An early supporter of the group, painter-decorator Darren Carroll has had death threats since he left. But why did he change his mind about the English Defence League?

Darren Carroll is a slight man with bright blue eyes and an urgent need for redemption. A painter-decorator in his fifties, he has lived in Luton his whole life. He was one of the original members of the English Defence League (EDL), the far-right street movement founded by Carroll’s nephew Tommy Robinson.

Recently, things haven’t been easy. Four months before our meeting at a café near Luton Airport Parkway Station, Carroll had a minor stroke that affected his speech and vision. It was the delayed fallout from an attack in a pub across the road, his local. A stranger, who seemed to know a lot about him, started a conversation. “He showed me his arm. It was tattooed. There was a little bit of white skin left on the whole sleeve,” says Carroll. “He said, ‘Look at that.’ I said, ‘What?’ He said, ‘White is right.’ I said, ‘Nah, mate, I know exactly where you’re coming from. There’s nothing wrong with being white but there’s nothing right with it.’”

The man pretended to leave the pub, then walked back in and hit Carroll hard on the back of the head with his forearm. Afterwards, Carroll suffered persistent headaches. It caused a blood clot that set off the stroke. When we met, he had mostly recovered but was still unable to work.

It was not the first attack. Carroll has also had his front door kicked in. He and his children have received death threats. “This is since speaking up,” he says. “Not leaving – that’s different.”

Carroll looks uncomfortable when we discuss the early days of the EDL. “It was an organic thing,” he says. “Lots of people were involved at the very beginning for different reasons. Personally, I was not happy with the way the town was being run on a political level. Looking back, I was disenfranchised from mainstream politics.”

Luton has the dubious distinction of being a centre of both far-right and Islamist extremism. The EDL began here in 2009, in response to a demonstration organised by Anjem Choudary’s now banned extremist group al-Muhajiroun, which in turn was a reaction against an army regiment marching in Luton.

A counterprotest led to arrests and the EDL was born, with sometimes violent neo-fascist street protests spreading across the country. Robinson insisted from the outset that the EDL was not racist, but only “against the rise of radical Islam”. Carroll says it was local difficulties, rather than national issues such as immigration, that unsettled and motivated him – and he didn’t articulate the core problem as racism against white people, not even to himself. The EDL has never had a formal membership, but the think tank Demos estimated that there were between 25,000 and 35,000 active members in 2011, a loose coalition of football hooligans and far-right activists. Today, the numbers are much reduced.

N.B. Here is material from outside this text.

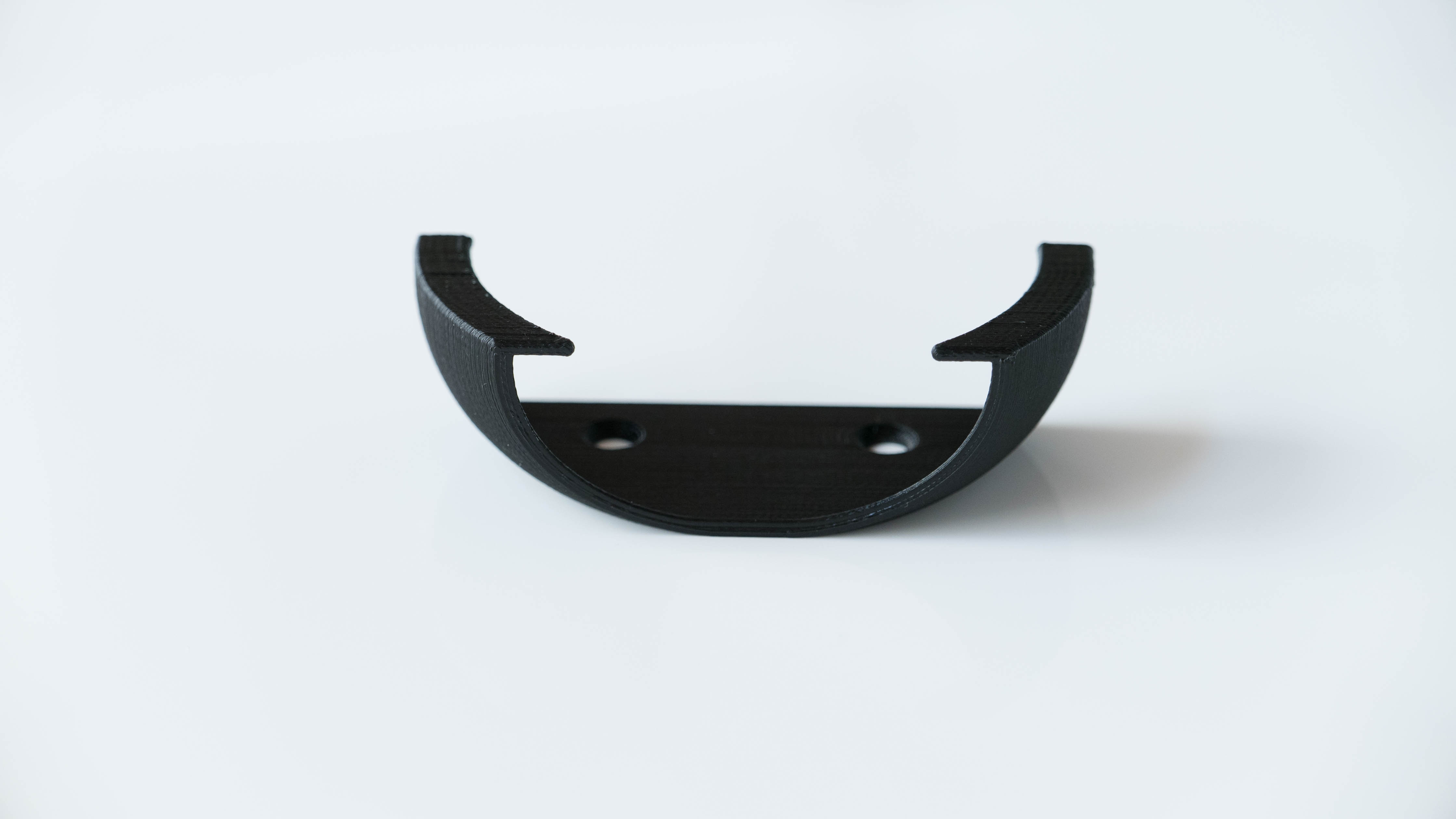 Da die Wandhalterung aus einem 3D Drucker kommt, der mit einer Auflösung von 0.1 mm druckt, hat man eine griffige, leicht linierte Oberfläche. Diese erkennt ihr ganz gut auf den Bildern in der Galerie. Es ist nicht mit der „glätte“ eines Spritzgussteils zu vergleichen. Dies liegt einfach an den unterschiedlichen Fertigungsverfahren.

Carroll’s family was closely involved and it was a while before he realised that the EDL was an extremist, racist group. He describes being at a demo in Birmingham soon after the first protest. “I looked at the other lads there and I didn’t like them. They didn’t smell right for me, as far as integrity goes. I thought, ‘I don’t want this.’” Carroll’s parents are Irish and he considers himself the child of immigrants.

It took several months for him to extricate himself from the group and stop attending demonstrations. “It’s a relationship breaker, so you’ve got to accept that things are broken for ever.” On building sites, he was known as the EDL guy. Work dried up.

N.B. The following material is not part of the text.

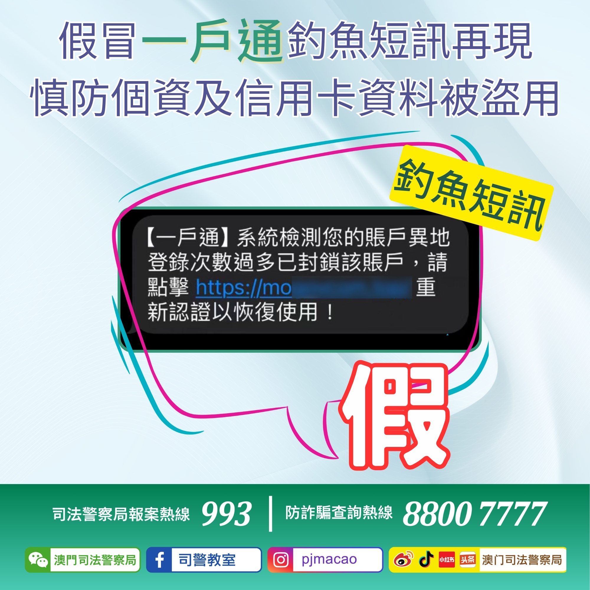 近月釣魚詐騙短訊猖獗,騙徒利用釣魚短訊成功套取信用卡資料後,再進行非授權的大額交易,造成多名市民損失,司法警察局反詐騙協調中心再次強烈呼籲市民:
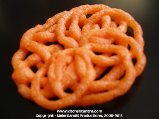 I have been wanting to make this sweet’ for a very long time. Hmmmm, it was bit tricky to make that perfect swirl. As a teenager, my very first attempt to make jangiri at home was a complete disaster. The resulted dish, made my Mom’s job easier (Yeah, I gave up experimenting sweets altogether after that). Anyhow, after several years, I gathered up some kind of guts to try this again. Guess, I did fairly decent. Though, I couldn’t perfect it, but its kind of okay with taste and I am glad that I tried.:)

Amid attempts to coerce him back into the movement, and concerned about damaging his family relationships, Carroll stayed silent for another year and a half, only starting to speak up a few years after he left the EDL. This triggered a new wave of threats. He reeled off a list of incidents: slashed tyres, smashed windows. “Last week, I got one on Facebook [saying] that I’m a ginger Muslim and I’m gonna get shot. That was someone I know privately, which I don’t take as a threat. Their particular problem seems to be that I’m on record saying I’d have a cup of tea in a mosque and sit down and talk to people.”

Carroll did so after seeing a Facebook post by a local activist, Dawood Masood. Masood had shared a video of an imam in Leicester speaking about terrorist violence, with a message saying that any EDL members were welcome to get in touch. Carroll met him and others from the Muslim community and they discussed ways to make Luton better. He told them that he wasn’t interested in religion, but invited them to what he considers his church: Luton Town FC.

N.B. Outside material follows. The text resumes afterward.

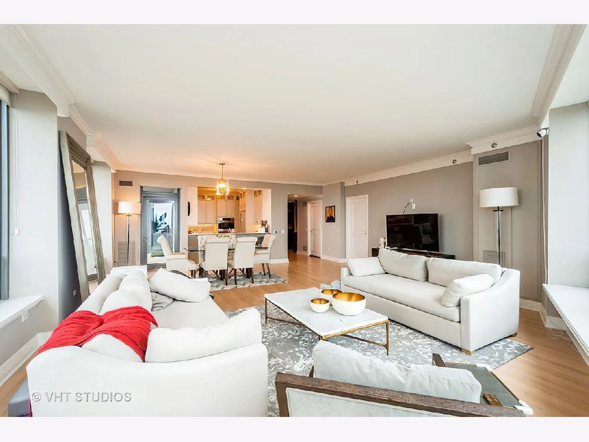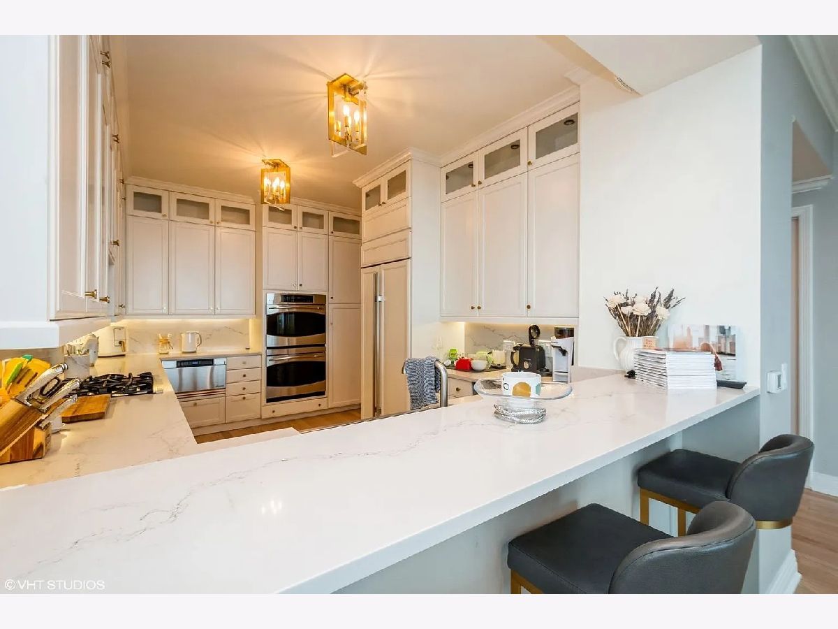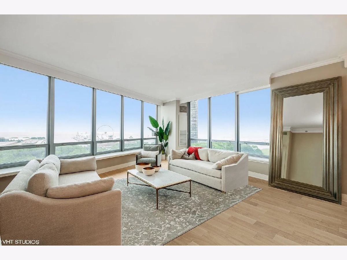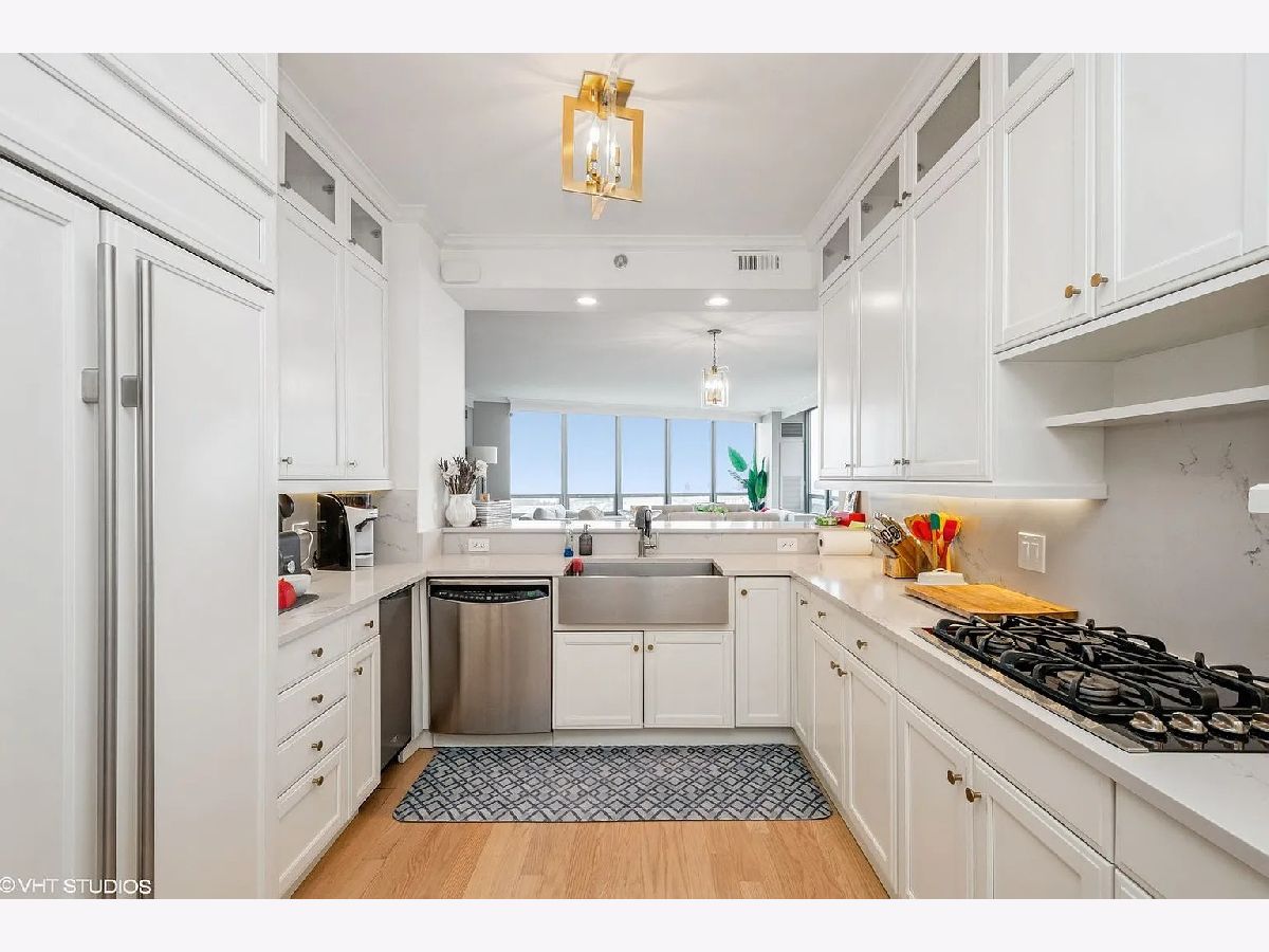 Refined quality and distinctive style only begin to describe this 3-bedroom luxury residence. From the moment you step inside, you'll fall for the rich and tasteful finishes starting in the foyer with the elegant overhead designer light fixture nestled in the trey ceiling. Custom millwork throughout includes crown molding, solid core paneled doors, window seats, white kitchen cabinetry throughout, and an amazing butler's pantry. Butler's pantry is ebony wood/glass with imported backsplash, custom hammered sink, and wine cooler. The gourmet kitchen boasts Subzero refrigerator, Dacor microwave, Bosch dishwasher, Wolf double oven, new Caesarstone Quartz countertops with full backsplash, wood flooring, unique ice maker, single bowl sink, custom lighting, custom pulls, custom cabinets to the ceiling with glass inserts, and breakfast bar seating for four. The living/dining area features unobstructed stunning lake views, custom-designed window seating, refinished hardwood floors, and access to the private south facing balcony. Escape to serenity in the master suite with views, wood floors, and two large walk-in closets. Master bath is spa-like with white cabinetry, custom lighting, glass-surround shower, and soaking tub. Second bed has Navy Pier views, en-suite bath with white cabinetry, refinished hardwood floors, and direct balcony access. The third bedroom again offers en-suite bath, white cabinetry, refinished hardwood floors, unobstructed Ohio Street beach, lake, and Navy Pier views. 600 Lake Shore Drive features a luxurious lobby to greet guests, enormous private covered driveway, 24-hour door staff, 24-hour maintenance, on-site management, valet cleaners, fully equipped business center, fabulous fitness center open 24/7 with top-of-the-line equipment and yoga room, 2 recently remodeled roof-top community rooms with floor-to-ceiling windows including full kitchens, and terraces with unobstructed lake and city views, patio furniture, fire pits, outdoor grills with dining and sunbathing areas, separate storage, and bike room. Steps from Ohio Street Beach, the lakefront bike path, Navy Pier, Northwestern University and Hospital, award-winning restaurants, and The Magnificent Mile shopping district.

“I had the idea it’s about setting precedents, because you never know who or what that affects,” he says. “I just thought, if I’m seen going to the football with them, it’s going to break a big piece of ice.”

As the EDL evolved largely from a football subculture, this was a bold step. They went to the match. “He’s Luton born and bred and he certainly don’t need his hand held. But I made him as comfortable as possible. Luton scored and he’s jumping up and down, loving it. At that point, I thought: ‘This is really Luton harmony. He’s cheering for the same thing and I’m cheering for the same thing. We’re both happy together at this moment in time. We’ve got things in common.’”

They have been to many matches since, Masood bringing his kids, Carroll his grandkids. Carroll has had a few threatening calls but remains undeterred. “The working-class Muslim lads are working-class Muslim lads. They’ve got all the same problems and social issues as us white, working-class people. It’s not just me or us. It’s everyone.” 

Samira Shackle is a freelance journalist, who tweets @samirashackle. She was formerly a staff writer for the New Statesman.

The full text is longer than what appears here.